Alguns acreditam que ela seja um voluntarismo do prefeito, algo pensado apenas para alimentar sua vaidade, pois com uma obra dessa envergadura seu nome ficaria ainda mais forte na história da cidade. Para esses críticos, mesmo que ela fosse importante em um futuro próximo, haveria outras prioridades nesse momento, como, por exemplo, o financiamento da saúde, uma vez que a Santa Casa está para lá de quebrada, mesmo com a ajuda do Estado.

Além disso, continuam os críticos, a Prefeitura deveria fomentar o transporte coletivo, não o privado. Ao insistir em obras como essas, estaria enveredando por um caminho perigoso, incentivando o aumento do número de automóveis e, consequentemente, contribuindo para mais poluição, mais estresse e mais violência no trânsito.

Os que aplaudem a iniciativa, no entanto, defendem a visão de futuro de nossa autoridade maior. Para eles, é preciso antecipar-se aos problemas. Se nada for feito agora, com certeza as conseqüências serão piores em um futuro próximo. O trânsito irá engarrafar de vez e haverá pontos de gargalo intransponíveis, gerando muito mais acidentes e bem mais violência.
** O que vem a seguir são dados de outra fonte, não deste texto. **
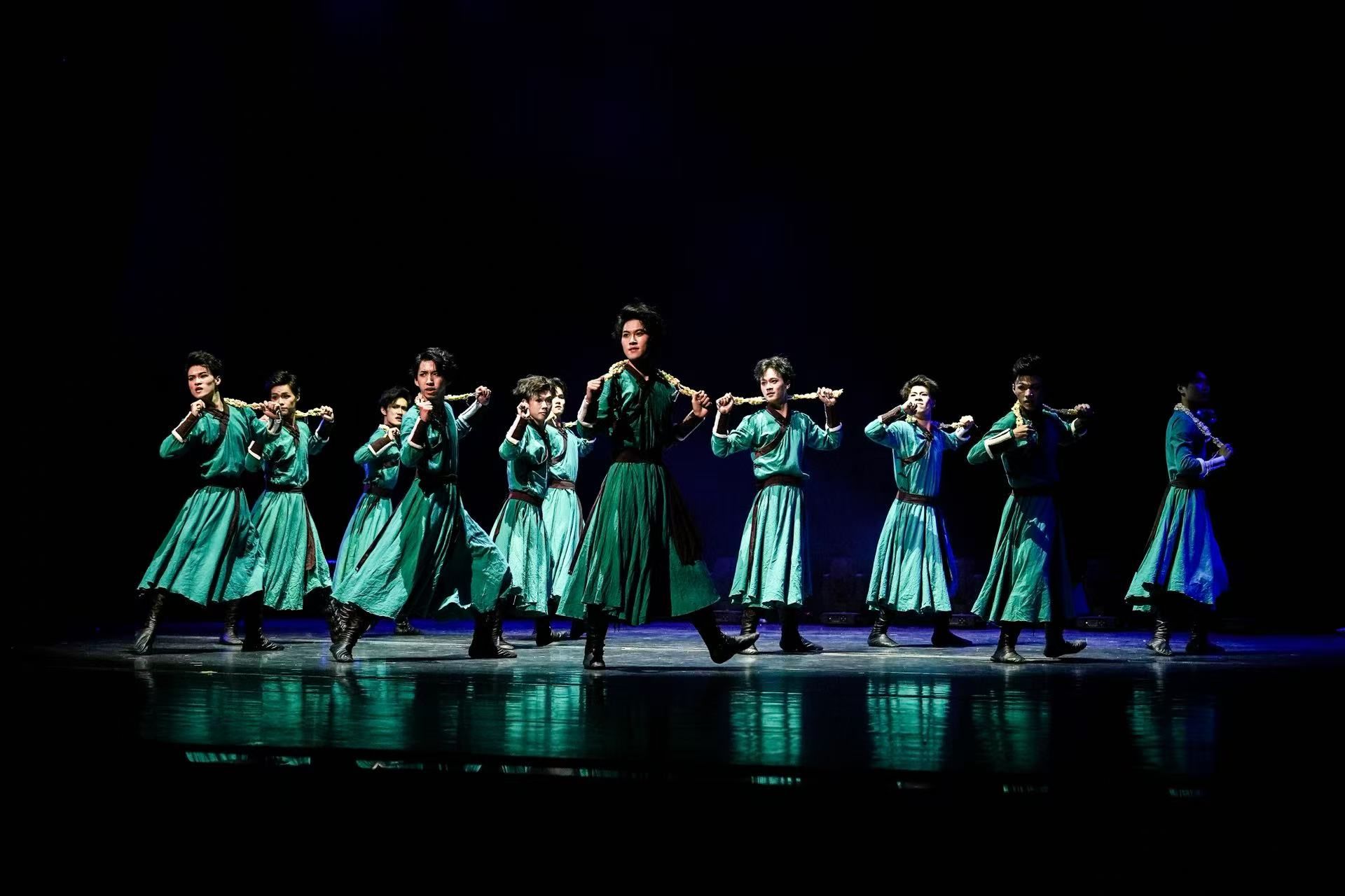 晚会以“破茧”为主题,聚焦舞蹈学子从课堂训练到舞台绽放的蜕变历程,展现湖南第一师范学院音乐舞蹈学院“教、学、演、创”一体化的育人实践。汉族民间舞《溯跃》以铿锵有力的舞步诠释奋勇前进的时代精神,瞬间点燃全场热情;蒙古族舞蹈《沙嘎沙嘎》以欢快奔放的节奏与舒展豪迈的舞姿,展现草原儿女对生活的炽热情怀;傣族舞蹈《陶醉了》则以柔美灵动的韵律,描绘傣家少女在山水间翩然沉醉的诗意画面;古典舞《青山远黛》以婉约飘逸的身韵,勾勒水墨丹青般的东方美学意境,彰显中华传统文化的深邃魅力。通过民族民间舞、古典舞、现代舞等多元形式,展现学子扎实功底与艺术创造力。

Nesse embate, que ainda promete muita discussão, ambos os lados têm lá suas razões. Para comparar, podemos nos lembrar de duas obras polêmicas do não menos polêmico Paulo Maluf, o Minhocão e a Rodovia dos Bandeirantes. Nessa última, o futuro mostrou o acerto de Maluf. A despeito das críticas que sofreu na época, se não fosse a Bandeirantes, a Anhanguera estaria completamente intransitável, e isso já há muito tempo. No entanto, em relação à primeira, o futuro já não cooperou tanto. Suas conseqüências sociais e arquitetônicas foram péssimas. Deteriorou a paisagem urbana, desvalorizou imóveis e passou a servir de abrigo para bandidos, mendigos e desocupados, fazendo com que já se pense, nos dias de hoje, em sua demolição.

Mas é assim mesmo. Não podemos prever o futuro. Podemos, apenas, presumi-lo. Com determinação, podemos até tentar ‘inventá-lo’, como parece o caso de nosso prefeito. Mas, infelizmente, seremos sempre reféns da história.

É certo que a Prefeitura deve intervir na infraestrutura urbana. Como é certo, também, que deve investir na saúde de sua população. Porém, nesse caso específico, é bom lembrarmos que os francanos continuarão comprando seus carros, a despeito de viadutos ou de um transporte público de mais qualidade, o que complicará cada vez mais o trânsito da cidade. Além disso, 9 milhões para a Santa Casa apenas tapariam os buracos, não resolveriam o problema.